The gap between Arizona's forward-thinking approach to legal market structure and its silence on AI ethics for individual attorneys is notable. Attorneys in Phoenix, Tucson, and Scottsdale are expected to comply with existing Rules of Professional Conduct and ABA Formal Opinion 512 when using AI, but there's no state-specific guidance on how those duties interact with the ABS framework or AI-powered legal services entities.
What the Arizona Bar Says About AI
The State Bar of Arizona has not issued a formal AI-specific ethics opinion as of April 2026. No informal guidance documents, bar journal articles focused on AI ethics, or CLE requirements addressing AI have been published by the state bar.
This puts Arizona in contrast with its neighbor Colorado, which has proposed amendments to its Rules of Professional Conduct explicitly addressing AI and technology competence (public hearing December 2025). It also contrasts with California, which is leading the nation with COPRAC-proposed amendments to six rules of professional conduct covering AI competence, supervision, and agentic AI tools.
Arizona attorneys are left with the ABA's Formal Opinion 512 and the state's existing Rules of Professional Conduct as the applicable framework. The standard duties of competence, confidentiality, communication, candor, and supervision all apply to AI use, but the specific contours of those duties in AI contexts remain undefined at the state level.
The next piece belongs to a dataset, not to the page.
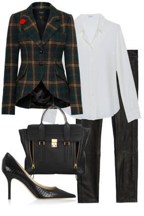 A blézer és a fehér ing biztosít elegendő eleganciát a bőrnadrágnak ahhoz, hogy munkába is felvegyük.

Court Rules and Judicial Guidance
Arizona has no court-level rules or standing orders specifically addressing AI use in legal filings or proceedings. Neither the Arizona Supreme Court nor individual superior courts have issued AI-specific orders or requirements.
Given Arizona's generally innovation-friendly stance on legal services (the ABS program being the prime example), it would be consistent for the state to eventually adopt pragmatic rather than restrictive court rules on AI. But as of now, there's nothing on the books.
Practical Implications for Arizona Attorneys
Arizona attorneys are in an unusual position. The state's regulatory environment is one of the most open in the country for legal innovation broadly, but completely silent on AI specifically. This creates opportunity and risk in equal measure.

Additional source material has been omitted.